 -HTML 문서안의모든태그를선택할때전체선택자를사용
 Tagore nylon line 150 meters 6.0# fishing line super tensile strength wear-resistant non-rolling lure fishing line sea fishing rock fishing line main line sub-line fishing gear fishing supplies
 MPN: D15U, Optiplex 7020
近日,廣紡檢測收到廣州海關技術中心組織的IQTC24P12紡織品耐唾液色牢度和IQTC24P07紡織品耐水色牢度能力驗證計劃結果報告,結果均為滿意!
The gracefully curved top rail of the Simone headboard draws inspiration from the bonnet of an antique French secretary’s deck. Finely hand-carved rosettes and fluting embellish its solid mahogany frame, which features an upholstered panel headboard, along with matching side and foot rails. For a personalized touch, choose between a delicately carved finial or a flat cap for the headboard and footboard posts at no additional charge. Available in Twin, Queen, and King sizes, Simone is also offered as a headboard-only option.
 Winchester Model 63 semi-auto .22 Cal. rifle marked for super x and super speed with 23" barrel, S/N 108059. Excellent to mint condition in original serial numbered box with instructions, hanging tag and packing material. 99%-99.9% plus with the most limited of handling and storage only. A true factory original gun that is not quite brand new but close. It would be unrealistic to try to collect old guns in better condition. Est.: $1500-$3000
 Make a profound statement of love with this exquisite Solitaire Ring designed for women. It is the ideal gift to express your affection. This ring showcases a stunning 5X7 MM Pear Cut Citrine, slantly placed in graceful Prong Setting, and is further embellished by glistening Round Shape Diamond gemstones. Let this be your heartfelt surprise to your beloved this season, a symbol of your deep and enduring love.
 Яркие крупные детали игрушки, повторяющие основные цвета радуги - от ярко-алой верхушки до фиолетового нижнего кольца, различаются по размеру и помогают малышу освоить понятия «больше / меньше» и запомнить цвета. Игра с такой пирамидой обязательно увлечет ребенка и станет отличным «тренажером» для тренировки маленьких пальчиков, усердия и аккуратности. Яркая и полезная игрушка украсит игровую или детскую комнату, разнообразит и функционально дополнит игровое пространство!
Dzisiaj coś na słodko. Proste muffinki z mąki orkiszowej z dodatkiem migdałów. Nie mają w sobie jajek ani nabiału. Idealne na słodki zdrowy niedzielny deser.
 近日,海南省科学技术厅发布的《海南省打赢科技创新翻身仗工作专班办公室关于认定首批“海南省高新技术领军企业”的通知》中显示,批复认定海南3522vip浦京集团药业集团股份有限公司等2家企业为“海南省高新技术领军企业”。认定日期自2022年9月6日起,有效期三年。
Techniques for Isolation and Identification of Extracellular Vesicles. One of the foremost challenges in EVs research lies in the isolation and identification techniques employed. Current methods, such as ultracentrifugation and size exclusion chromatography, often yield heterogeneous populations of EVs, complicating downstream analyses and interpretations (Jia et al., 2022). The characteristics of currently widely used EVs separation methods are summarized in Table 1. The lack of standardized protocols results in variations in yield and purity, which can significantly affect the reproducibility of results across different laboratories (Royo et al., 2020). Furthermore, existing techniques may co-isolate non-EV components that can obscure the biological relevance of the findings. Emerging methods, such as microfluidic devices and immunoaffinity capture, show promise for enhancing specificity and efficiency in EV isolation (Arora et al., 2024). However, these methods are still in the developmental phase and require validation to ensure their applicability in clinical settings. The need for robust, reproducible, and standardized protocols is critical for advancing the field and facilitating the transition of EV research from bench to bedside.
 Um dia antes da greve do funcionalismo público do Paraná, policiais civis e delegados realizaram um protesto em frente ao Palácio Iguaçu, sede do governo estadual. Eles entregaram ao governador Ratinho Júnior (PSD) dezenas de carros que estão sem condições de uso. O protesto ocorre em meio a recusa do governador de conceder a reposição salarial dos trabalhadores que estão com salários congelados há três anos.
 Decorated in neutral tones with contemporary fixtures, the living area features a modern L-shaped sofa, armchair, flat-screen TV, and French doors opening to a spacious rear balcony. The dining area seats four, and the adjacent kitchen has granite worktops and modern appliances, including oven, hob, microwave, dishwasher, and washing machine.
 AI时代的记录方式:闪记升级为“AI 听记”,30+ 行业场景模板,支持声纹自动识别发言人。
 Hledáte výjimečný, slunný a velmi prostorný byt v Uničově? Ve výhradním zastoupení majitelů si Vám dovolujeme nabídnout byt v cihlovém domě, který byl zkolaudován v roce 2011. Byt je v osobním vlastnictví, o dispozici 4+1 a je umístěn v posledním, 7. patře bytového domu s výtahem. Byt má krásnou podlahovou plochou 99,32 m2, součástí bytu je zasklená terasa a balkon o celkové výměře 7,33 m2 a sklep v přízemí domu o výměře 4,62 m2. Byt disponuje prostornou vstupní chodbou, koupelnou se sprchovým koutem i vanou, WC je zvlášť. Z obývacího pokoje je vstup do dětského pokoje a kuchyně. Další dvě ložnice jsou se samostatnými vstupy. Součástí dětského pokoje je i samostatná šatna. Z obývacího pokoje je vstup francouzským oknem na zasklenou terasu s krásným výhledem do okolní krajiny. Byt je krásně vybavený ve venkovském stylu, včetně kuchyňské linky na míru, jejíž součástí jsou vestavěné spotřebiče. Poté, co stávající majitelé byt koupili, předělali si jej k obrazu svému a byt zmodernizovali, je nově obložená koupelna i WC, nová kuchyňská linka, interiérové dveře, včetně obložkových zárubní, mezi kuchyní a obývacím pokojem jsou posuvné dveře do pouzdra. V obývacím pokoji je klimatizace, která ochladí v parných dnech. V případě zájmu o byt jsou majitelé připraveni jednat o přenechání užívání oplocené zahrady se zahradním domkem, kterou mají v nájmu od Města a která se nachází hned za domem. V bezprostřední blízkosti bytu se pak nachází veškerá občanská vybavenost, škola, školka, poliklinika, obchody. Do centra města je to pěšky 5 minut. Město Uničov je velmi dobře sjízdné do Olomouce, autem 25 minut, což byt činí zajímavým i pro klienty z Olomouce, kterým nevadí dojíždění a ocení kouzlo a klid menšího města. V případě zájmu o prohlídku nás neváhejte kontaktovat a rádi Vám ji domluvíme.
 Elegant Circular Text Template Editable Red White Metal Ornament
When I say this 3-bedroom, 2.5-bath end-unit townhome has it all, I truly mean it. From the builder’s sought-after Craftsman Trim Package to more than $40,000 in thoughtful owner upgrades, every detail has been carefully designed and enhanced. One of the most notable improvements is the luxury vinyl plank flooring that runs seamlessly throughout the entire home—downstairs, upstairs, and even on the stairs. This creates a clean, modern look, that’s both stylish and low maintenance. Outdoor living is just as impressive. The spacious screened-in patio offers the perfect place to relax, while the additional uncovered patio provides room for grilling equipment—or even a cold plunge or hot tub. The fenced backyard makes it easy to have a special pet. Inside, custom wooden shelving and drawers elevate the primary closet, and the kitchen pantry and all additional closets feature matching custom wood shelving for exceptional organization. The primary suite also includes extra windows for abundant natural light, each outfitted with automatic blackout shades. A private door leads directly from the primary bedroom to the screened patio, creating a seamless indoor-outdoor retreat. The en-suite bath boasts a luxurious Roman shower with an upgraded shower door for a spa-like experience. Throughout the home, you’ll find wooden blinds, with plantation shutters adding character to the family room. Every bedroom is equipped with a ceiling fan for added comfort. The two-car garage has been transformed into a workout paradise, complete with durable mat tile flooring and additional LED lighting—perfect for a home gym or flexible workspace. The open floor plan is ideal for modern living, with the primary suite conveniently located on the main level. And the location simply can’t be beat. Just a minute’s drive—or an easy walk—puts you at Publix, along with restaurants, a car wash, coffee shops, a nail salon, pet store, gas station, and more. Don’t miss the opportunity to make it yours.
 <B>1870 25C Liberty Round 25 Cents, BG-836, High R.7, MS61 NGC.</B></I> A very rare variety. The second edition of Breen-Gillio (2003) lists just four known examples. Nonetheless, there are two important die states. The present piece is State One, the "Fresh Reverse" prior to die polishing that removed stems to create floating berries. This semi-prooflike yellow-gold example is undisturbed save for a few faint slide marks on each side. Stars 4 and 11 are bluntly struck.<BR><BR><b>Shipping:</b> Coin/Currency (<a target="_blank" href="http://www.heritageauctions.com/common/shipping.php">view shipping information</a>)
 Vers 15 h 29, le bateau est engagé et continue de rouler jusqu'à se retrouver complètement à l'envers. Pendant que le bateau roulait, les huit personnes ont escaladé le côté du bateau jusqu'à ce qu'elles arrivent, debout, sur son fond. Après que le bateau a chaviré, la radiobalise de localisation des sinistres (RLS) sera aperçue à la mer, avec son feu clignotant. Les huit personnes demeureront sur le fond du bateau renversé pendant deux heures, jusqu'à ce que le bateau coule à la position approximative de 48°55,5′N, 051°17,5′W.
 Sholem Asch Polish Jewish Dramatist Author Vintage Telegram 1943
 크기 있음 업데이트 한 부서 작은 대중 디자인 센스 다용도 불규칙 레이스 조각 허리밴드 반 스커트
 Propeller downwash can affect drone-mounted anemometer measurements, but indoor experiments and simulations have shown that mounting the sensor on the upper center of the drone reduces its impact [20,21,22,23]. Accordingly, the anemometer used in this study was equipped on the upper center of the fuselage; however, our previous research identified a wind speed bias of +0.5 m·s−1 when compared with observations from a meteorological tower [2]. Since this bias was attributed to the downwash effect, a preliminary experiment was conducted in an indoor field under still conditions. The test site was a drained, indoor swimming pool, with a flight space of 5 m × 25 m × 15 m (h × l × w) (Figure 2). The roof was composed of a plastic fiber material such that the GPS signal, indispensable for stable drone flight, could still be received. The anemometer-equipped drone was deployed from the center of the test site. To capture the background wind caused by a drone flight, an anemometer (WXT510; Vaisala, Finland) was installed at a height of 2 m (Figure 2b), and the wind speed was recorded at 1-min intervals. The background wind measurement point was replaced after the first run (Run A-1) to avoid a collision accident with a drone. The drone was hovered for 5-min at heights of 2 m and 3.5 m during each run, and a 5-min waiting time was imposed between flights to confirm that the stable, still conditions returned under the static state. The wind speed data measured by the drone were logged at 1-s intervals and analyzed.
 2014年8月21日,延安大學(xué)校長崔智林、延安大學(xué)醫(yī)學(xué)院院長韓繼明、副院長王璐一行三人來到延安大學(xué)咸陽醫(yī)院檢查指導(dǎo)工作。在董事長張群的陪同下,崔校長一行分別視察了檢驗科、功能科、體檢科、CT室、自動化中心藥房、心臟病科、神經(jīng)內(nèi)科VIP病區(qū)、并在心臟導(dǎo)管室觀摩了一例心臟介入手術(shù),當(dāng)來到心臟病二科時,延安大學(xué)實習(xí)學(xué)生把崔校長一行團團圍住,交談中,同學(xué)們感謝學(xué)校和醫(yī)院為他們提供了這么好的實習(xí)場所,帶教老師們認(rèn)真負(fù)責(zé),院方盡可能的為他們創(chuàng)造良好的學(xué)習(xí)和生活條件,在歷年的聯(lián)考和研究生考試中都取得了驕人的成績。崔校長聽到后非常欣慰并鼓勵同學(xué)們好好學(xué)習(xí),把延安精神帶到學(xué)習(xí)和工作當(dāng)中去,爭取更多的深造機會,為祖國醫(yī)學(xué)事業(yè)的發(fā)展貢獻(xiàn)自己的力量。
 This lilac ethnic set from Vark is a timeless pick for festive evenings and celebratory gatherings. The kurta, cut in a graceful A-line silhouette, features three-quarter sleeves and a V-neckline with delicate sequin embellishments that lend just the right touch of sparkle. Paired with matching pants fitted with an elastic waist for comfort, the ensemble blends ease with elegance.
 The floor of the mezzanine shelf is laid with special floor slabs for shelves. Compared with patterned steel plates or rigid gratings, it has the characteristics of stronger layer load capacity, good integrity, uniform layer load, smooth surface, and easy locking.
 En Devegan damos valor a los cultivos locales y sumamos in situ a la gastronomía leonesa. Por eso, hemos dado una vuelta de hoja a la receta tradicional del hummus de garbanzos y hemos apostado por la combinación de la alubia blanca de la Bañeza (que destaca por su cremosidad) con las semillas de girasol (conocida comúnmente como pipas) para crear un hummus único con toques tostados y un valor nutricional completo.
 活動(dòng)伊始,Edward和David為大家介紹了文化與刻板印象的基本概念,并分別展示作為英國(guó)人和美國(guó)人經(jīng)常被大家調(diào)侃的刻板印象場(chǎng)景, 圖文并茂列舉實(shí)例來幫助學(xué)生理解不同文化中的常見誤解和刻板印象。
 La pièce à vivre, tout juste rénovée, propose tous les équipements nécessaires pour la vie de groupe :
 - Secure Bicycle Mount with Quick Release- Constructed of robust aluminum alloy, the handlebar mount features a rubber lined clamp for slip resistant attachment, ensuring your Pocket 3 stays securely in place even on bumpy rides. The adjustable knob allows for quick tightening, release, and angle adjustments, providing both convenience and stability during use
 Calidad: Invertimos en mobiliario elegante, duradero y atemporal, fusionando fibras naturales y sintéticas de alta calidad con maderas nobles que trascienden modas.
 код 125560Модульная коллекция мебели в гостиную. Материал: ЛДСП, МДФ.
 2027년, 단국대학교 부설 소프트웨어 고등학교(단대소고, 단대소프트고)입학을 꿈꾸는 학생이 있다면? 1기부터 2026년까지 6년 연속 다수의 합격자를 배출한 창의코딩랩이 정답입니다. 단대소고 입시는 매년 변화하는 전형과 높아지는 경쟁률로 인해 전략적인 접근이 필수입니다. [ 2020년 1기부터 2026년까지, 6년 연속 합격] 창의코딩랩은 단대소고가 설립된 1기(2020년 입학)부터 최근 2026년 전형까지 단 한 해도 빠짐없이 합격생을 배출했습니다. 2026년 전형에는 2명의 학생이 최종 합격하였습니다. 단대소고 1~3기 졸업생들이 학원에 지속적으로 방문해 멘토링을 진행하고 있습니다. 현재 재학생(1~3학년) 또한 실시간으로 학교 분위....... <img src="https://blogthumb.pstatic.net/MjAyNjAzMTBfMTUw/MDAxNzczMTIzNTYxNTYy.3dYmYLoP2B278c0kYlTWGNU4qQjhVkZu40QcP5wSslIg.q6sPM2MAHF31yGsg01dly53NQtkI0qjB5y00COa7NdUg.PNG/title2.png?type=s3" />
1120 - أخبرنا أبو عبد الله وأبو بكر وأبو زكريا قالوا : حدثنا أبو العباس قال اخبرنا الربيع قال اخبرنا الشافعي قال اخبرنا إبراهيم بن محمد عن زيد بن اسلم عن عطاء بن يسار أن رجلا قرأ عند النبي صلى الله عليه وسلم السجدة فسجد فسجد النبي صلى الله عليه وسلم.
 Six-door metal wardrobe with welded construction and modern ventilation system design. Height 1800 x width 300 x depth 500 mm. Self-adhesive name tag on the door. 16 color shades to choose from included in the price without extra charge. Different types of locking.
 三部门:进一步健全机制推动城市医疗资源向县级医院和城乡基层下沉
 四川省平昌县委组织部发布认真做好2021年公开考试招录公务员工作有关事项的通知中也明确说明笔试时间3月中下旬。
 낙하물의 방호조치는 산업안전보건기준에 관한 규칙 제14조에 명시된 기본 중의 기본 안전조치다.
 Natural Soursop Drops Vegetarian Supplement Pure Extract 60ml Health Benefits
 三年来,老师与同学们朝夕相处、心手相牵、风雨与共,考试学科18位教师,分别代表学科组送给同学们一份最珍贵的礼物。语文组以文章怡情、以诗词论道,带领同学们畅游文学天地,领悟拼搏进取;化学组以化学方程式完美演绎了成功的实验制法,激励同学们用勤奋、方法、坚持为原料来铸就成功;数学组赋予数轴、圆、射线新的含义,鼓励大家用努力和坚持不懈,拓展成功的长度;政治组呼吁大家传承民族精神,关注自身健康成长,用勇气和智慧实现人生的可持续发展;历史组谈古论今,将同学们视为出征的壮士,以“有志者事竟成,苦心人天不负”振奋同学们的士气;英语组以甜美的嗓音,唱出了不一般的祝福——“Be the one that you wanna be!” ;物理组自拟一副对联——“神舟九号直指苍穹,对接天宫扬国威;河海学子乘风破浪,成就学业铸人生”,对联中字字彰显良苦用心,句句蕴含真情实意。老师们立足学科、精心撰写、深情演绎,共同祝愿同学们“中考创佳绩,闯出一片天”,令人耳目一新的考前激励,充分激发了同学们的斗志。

##############################

Go to the line with "Dzisiaj coś na" in the entries above and repeat every line from there through the line with "近日,海南省科学技术厅发布的", exactly and with no other text.

:: Response area ::
Dzisiaj coś na słodko. Proste muffinki z mąki orkiszowej z dodatkiem migdałów. Nie mają w sobie jajek ani nabiału. Idealne na słodki zdrowy niedzielny deser.
 近日,海南省科学技术厅发布的《海南省打赢科技创新翻身仗工作专班办公室关于认定首批“海南省高新技术领军企业”的通知》中显示,批复认定海南3522vip浦京集团药业集团股份有限公司等2家企业为“海南省高新技术领军企业”。认定日期自2022年9月6日起,有效期三年。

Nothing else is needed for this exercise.